The full set of issues raised for the Voice Extensible Markup Language (VoiceXML) Version 2.1 since 19th August 2003, their resolution and in most cases the reasoning behind the resolution are available from http://www.w3.org/Voice/Group/vxml21/cr/voicexml21-cr.html [W3C Members Only]. This document provides the analysis of the issues that were submitted and resolved as part of the Last Call Review. It includes issues that were submitted outside the official review period, up to 28th November 2006.
Notation: Each original comment is tracked by a "(Change) Request" [R] designator. Each point within that original comment is identified by a point number. For example, "R5-1" is the first point in the fifth change request for the specification.

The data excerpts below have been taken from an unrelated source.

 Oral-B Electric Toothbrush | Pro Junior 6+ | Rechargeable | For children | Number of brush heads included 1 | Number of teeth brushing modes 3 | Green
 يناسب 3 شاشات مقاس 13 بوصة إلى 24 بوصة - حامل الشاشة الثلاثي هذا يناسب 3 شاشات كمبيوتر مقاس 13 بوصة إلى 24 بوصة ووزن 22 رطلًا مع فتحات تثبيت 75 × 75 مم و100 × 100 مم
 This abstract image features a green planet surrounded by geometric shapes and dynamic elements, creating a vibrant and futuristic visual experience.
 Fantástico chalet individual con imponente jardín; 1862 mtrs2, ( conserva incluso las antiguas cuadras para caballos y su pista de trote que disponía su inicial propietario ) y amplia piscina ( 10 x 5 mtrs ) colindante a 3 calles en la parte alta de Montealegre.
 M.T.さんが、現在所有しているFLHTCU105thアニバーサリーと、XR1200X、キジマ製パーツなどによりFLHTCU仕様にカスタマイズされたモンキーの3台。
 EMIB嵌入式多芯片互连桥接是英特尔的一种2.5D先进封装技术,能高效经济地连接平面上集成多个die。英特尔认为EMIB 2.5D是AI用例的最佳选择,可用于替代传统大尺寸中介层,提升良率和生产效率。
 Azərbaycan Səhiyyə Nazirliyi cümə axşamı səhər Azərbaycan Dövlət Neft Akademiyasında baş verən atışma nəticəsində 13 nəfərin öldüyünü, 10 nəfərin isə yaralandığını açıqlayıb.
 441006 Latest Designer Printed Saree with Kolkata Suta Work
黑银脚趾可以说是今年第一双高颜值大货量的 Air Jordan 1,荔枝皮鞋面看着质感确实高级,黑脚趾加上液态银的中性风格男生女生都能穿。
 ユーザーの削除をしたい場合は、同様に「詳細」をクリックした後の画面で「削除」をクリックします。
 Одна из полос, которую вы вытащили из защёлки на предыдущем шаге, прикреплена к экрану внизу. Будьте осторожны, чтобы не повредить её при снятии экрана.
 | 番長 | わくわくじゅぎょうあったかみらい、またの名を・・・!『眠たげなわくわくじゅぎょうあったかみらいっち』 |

|R116||Shane Smith||Clarification / Typo / Editorial||Rejected||Accepted|
|R117||Tobias Gobel||Clarification / Typo / Editorial||Rejected||Accepted|
|R118||Srinivas R Thota||Clarification / Typo / Editorial||Accepted||Accepted (no reply)|
|R119||Titus von der Malsburg||Feature Request||Deferred||Accepted|
|R120||Greg Inglis||Feature Request||Deferred||Accepted|
|R121||Teemu Tingander||Clarification / Typo / Editorial||Rejected||Accepted|
|R122||Srinivas R Thota||Feature Request||Deferred||Accepted|
|R123||Rethish Kumarps||Clarification / Typo / Editorial||Accepted||Accepted (no reply)|
|R124||Harbhanu||Change to Existing Feature||Rejected||Rejected|
|R125||Petr Kuba||Technical Error||Accepted||Accepted (no reply)|
|R126||Jason Hanna||Clarification / Typo / Editorial||Accepted||Accepted (no reply)|
From Shane Smith:
I think the behavior of application.lastresult$ needs clarification. From the 2.0 spec:
The number of application.lastresult$ elements is guaranteed to be greater than or equal to one and less than or equal to the system property "maxnbest". If no results have been generated by the system, then " application.lastresult$" shall be ECMAScript undefined.
The behavior on most platforms is that this array only exists when a valid result occurs. But, in 2.1, we introduce new behavior concerning utterance recording. While recording user utterances on recognition is valuable, it's even *more* valuable to gather invalid recordings.... things that triggered a nomatch. In fact, the example from lcwd shows exactly this:<nomatch count="3"> <var name="the_recording" expr="application.lastresult$.recording"/> <submit method="post" enctype="multipart/form-data" next="upload.cgi" namelist="the_recording"/> </nomatch>
Even reading the first 3 paragraphs of section seven give the impression that you need to actually have valid recognition for these shadow variables to become available. I have yet to find a 2.1 compliant vendor that has offers anything in the lastresult array when a nomatch occurs, and I think we should offer some clarification on this change from 2.0. If it's in 2.1, then I missed it, sorry.
From Tobias Gobel:
I have tested a number of platforms so far which support utterance recording. All except one fill the lastresult$ on a NoMatch event. And the one that currently doesn't claimed they will fix this some time soon. The 2.0 spec says:
"All of the shadow variables described above are set immediately after any recognition. In this context, a <nomatch> event counts as a recognition, and causes the value of "application.lastresult$" to be set" So it explicitly mentions that lastresult$ must be set in a NoMatch scenario. To make things clearer, though, I agree that the 2.1 spec could and should also explicitly mention this fact.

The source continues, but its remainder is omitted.